▸ Dataset section
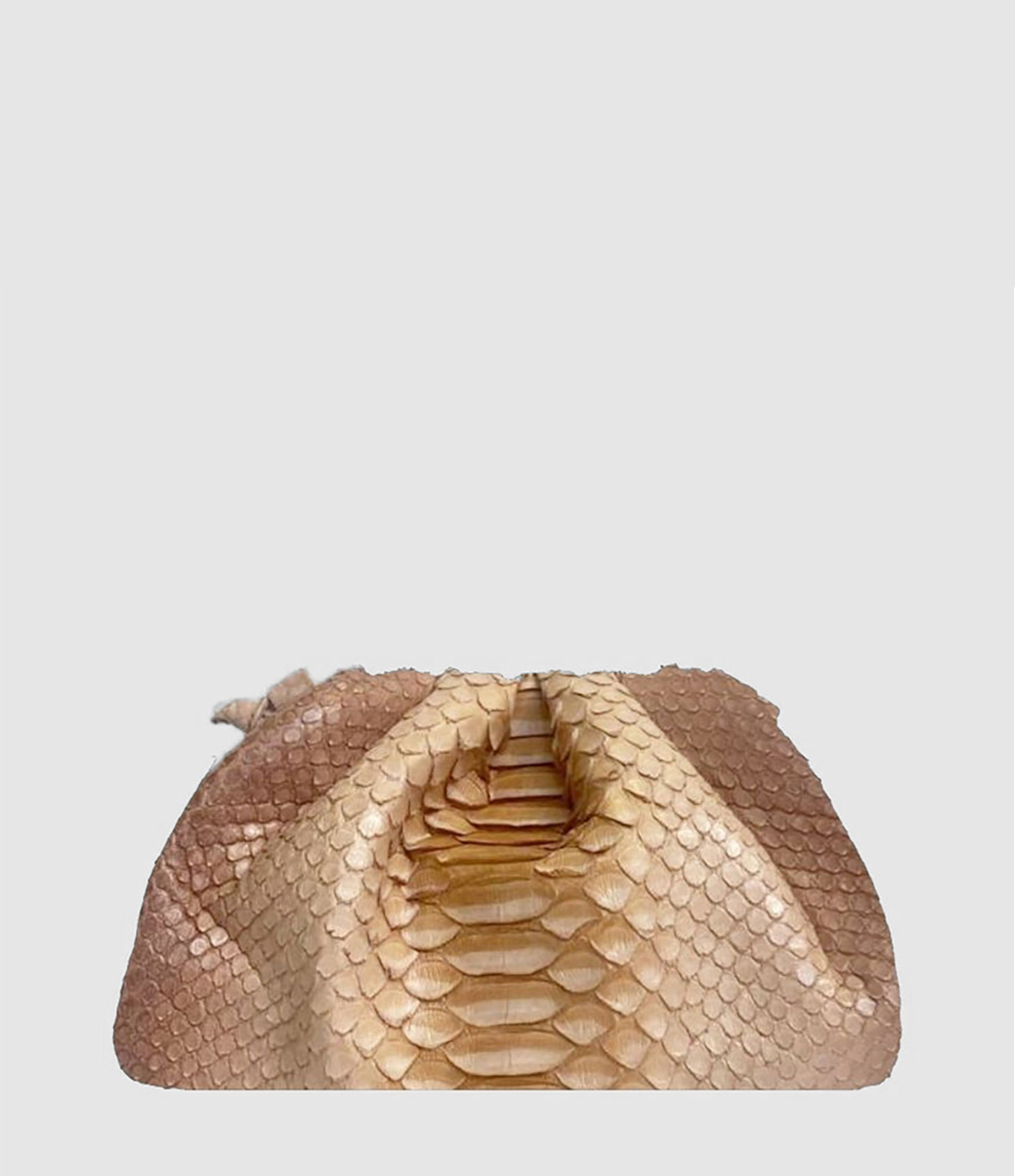 Sac bandoulière souple en python marron. Une poche plaquée à l'intérieur. Fermeture par aimant. Bandoulière pour un porté épaule ou cross body.
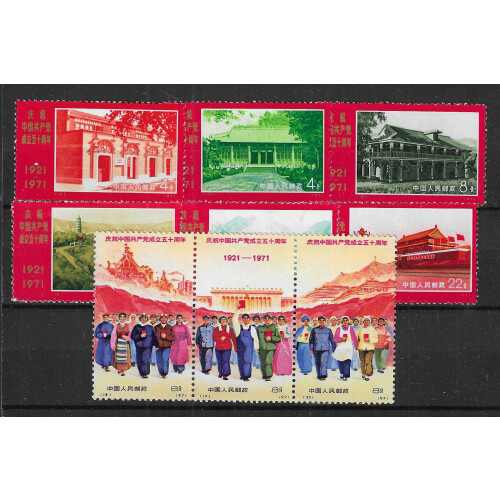 1971 50th Anniv. of Chinese Communist Party set of nine including the strip of three unused without gum, heavy hinges and removal making poor thinning and damage to the back, SG 2446/2454.
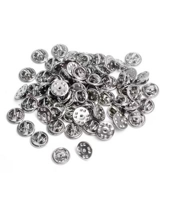 タイタック:クラッチバックのサイズは直径11mm,ピンサイズは直径4.5mm,長さは8mm,銀色で,小さく低プロフィールです.
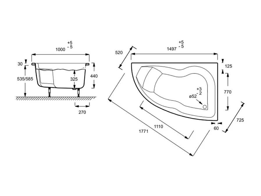 Pack baignoire d'angle 150 x 100 cm JACOB DELAFON Micromega Duo version droite + tablier de baignoire + pare bain

▸ Exercise prompt
When you output the listing, reproduce it exactly but drop its pictures.

▸ Output of the task
 Sac bandoulière souple en python marron. Une poche plaquée à l'intérieur. Fermeture par aimant. Bandoulière pour un porté épaule ou cross body.
 1971 50th Anniv. of Chinese Communist Party set of nine including the strip of three unused without gum, heavy hinges and removal making poor thinning and damage to the back, SG 2446/2454.
 タイタック:クラッチバックのサイズは直径11mm,ピンサイズは直径4.5mm,長さは8mm,銀色で,小さく低プロフィールです.
 Pack baignoire d'angle 150 x 100 cm JACOB DELAFON Micromega Duo version droite + tablier de baignoire + pare bain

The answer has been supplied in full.